Ответа не последовало. Рена обернулась и увидела, что учёный уже отошёл к следующей картине и, встав рядом с какой-то девушкой, заговорил с ней.

И кто был невыносимее, Раз или Лаэрт? Чертовы братья — Найдер сказал бы про них так и оказался прав.

— Я так ясно вижу себя там, — услышала Рена лёгкий смех незнакомки, сделав шаг к разговаривающим. — только запаха моря нет.

— Это для того, чтобы вы захотели оказаться… — Лаэрт посмотрел на белую табличку под картиной. — На берегу Белого залива. Долг художника или писателя — показать, каким бывает мир, если выйти за порог, а долг смотрящих и читающих — сделать шаг.

Девушка снова рассмеялась, но глаза остались серьёзными — она посмотрела на Рену, остановившуюся рядом, как на соперницу.

— Дан Адван, вы не в ту сторону сделали свой шаг. Позвольте, мы продолжим наш разговор, — Рена улыбнулась незнакомке и, взяв Лаэрта под руку, потянула его дальше. — Вы хотите встретиться с братом, но решили убежать от меня?

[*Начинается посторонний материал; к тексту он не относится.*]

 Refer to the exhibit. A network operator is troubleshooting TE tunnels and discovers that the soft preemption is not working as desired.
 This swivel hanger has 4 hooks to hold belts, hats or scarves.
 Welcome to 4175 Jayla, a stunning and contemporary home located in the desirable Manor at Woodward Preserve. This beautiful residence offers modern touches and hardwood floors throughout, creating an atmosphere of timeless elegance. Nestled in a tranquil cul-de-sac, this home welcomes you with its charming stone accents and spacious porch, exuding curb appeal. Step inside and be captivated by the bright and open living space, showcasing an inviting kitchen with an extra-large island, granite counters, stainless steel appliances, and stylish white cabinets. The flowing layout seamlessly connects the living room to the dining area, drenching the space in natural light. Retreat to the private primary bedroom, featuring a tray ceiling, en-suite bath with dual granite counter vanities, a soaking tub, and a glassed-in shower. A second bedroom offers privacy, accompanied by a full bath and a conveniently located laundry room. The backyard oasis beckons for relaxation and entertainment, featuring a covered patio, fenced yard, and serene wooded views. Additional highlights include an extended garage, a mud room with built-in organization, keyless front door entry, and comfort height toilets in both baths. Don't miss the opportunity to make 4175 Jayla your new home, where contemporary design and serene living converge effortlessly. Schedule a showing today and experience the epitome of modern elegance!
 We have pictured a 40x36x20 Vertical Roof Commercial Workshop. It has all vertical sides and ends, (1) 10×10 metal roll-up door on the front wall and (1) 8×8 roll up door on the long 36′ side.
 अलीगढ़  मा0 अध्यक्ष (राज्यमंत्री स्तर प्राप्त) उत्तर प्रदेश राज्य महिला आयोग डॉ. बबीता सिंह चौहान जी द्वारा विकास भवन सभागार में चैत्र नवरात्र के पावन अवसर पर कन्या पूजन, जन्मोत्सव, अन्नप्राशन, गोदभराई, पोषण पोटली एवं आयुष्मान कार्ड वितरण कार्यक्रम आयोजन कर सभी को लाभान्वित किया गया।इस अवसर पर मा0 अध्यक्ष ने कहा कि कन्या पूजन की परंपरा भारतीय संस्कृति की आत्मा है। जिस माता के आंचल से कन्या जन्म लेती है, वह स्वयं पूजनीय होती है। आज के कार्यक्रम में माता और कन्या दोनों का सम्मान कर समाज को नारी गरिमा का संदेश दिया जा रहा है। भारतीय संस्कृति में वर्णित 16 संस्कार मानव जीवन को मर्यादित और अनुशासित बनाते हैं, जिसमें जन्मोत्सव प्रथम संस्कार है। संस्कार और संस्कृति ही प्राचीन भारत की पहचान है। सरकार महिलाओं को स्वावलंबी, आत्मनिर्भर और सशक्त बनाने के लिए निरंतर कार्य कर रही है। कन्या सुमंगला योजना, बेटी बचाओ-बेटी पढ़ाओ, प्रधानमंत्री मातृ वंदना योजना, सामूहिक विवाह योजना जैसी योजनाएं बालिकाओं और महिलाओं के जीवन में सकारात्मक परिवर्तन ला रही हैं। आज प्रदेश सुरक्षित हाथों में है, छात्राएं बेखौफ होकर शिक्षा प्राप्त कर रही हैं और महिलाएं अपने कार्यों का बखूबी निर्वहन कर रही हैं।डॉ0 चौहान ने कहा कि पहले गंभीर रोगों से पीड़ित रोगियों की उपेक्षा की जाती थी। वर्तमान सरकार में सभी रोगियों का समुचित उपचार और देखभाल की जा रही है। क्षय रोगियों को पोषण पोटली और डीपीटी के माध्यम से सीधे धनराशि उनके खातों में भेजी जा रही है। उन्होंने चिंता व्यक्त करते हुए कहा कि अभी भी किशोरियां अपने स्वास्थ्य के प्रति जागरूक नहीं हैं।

Она выпустила руку учёного и встала напротив. Предательская лямка на платье снова начала потихоньку съезжать. Адван пожал плечами:

— Я взял паузу, прежде чем ответить. В мире нет правила, которое велит отвечать сразу же. Хорошо, — Лаэрт кивнул. — Почему я не пришёл к Киразу? Я уже говорил: я понимаю, что он не хочет говорить со мной, и у него есть поводы не встречаться. Что было бы со мной, если бы я появился на пороге его дома? Я знаю, как Кираз может быть опасен, — последние слова прозвучали невыносимо печально, и сам Лаэрт разом поник, точно вспомнил что-то ужасное.

Наверное, он говорил о поезде, но Рене показалось, между братьями было что-то ещё, о чём она не знала. Что же произошло, почему Лаэрт называл Раза опасным? Тот ни словом не обмолвился — только о своей наивной вере и предательстве. Может, Феб всё-таки прав, и у каждой истории действительно есть две стороны? И нельзя верить одной, не узнав другую?

— Поэтому я поспешил исчезнуть в поезде — как бы ни хотелось мне увидеть Кираза, прежде чем слепо бросаться вперёд, нужно вооружиться фактами. Дайте мне их, Рена. Почему вы следили за мной? По поручению Кираза? Чего он хочет? А ещё — чего хотите вы, Рена?

Девушка перевела взгляд на картину. Когда кто-то спрашивал о её желаниях? Память никак не могла вспомнить — то был вопрос не дней и месяцев, а лет.

— Почему я должна отвечать? Это вы хотите встретиться с братом, так дайте ответы первым. Как вы могли начать свои опыты на нём? Неужели вам мало его жертвы, теперь вы хотите всем дать свой «дар»?

— Вы не знаете, о чём говорите, — раздражённо ответил Лаэрт, дёрнув рукой.

Он не закончил — к нему опять подскочил газетчик.

— Дан Адван, разрешите представиться, я…

Оттолкнув его локтем, второй поспешно произнёс:

— Издание «Научное зеркало», — он пригладил тонкие усики, словно этот жест должен был подчеркнуть статус газеты. — Позвольте задать вам несколько вопросов.

Первый газетчик выглянул из-за его спины и с любопытством уставился на Рену.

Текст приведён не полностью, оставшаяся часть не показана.